Although the Garcias have failed to show that the jurisdictional issue could not have been raised in the prior proceedings, they argue that the Board's decision is a nullity since it was rendered without jurisdiction. We disagree. The Board is not a court, but it does act as a quasi-judicial body exercising appellate jurisdiction.16 In deportation matters, its scope of review extends to the law, the facts, and the exercise of discretion in a particular case. Moreover, questions involving the Board's jurisdiction are determined by the Board itself. Matter of Gamboa, 14 I & N 244 (1972).

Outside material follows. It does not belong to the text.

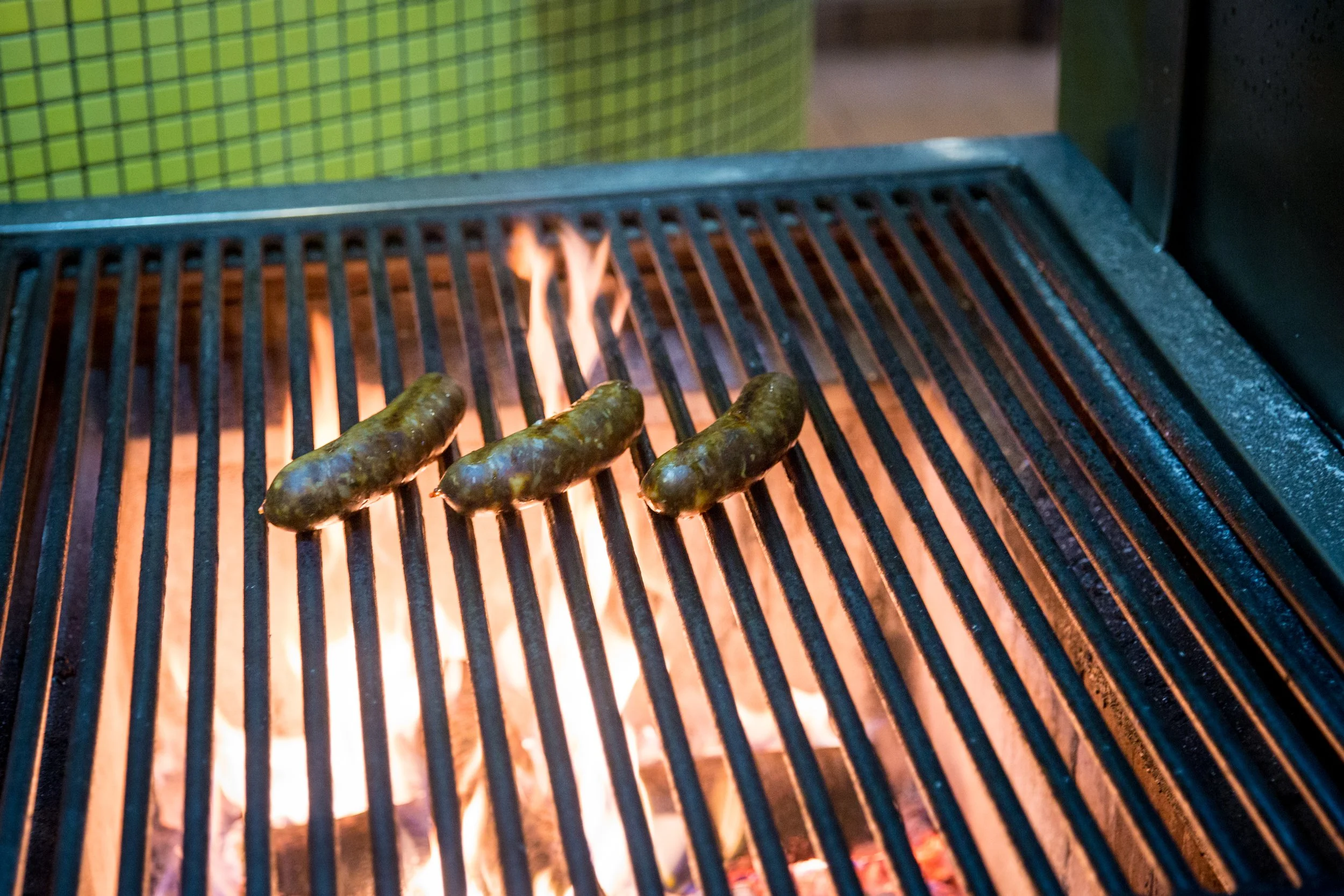 Lamb Sausage, Watermelon Rind Mostarda, Cauliflower Kraut, and Mustard Frill

In Mr. Garcia's case, it is undisputed that if the appeal was, in fact, timely, then the Board had subject matter jurisdiction and jurisdiction over the parties. The timeliness of the appeal was therefore the only jurisdictional issue in Mr. Garcia's case, and the reversal of the immigration judge's decision was a tacit determination by the Board that the appeal was timely. See Yanow v. Weyerhaeuser Steamship Company, 274 F.2d 274, 277 (9th Cir. 1959) (en banc), cert. denied, 362 U.S. 919, 80 S.Ct. 671, 4 L.Ed.2d 739 (1960). By the same token, we could not have sustained the Board's reversal of the immigration judge if the Board had lacked jurisdiction to do so. The timeliness of the appeal could have been but was not questioned in Mr. Garcia's petition for review. Hence, neither the decision of the Board nor that of this Court is now subject to collateral attack on that basis.17 Neither the Board's decision, nor that of this Court sustaining it, whether erroneous or not, is a nullity. See Yanow, 274 F.2d at 279-80. See also Chicot County Drainage District v. Baxter State Bank, 308 U.S. 371, 376-78, 60 S.Ct. 317, 319-20, 84 L.Ed. 329, 333-35 (1939); United States v. Utah Construction and Mining Co., 384 U.S. 394, 422, 86 S.Ct. 1545, 1560, 16 L.Ed.2d 642, 660 (1966).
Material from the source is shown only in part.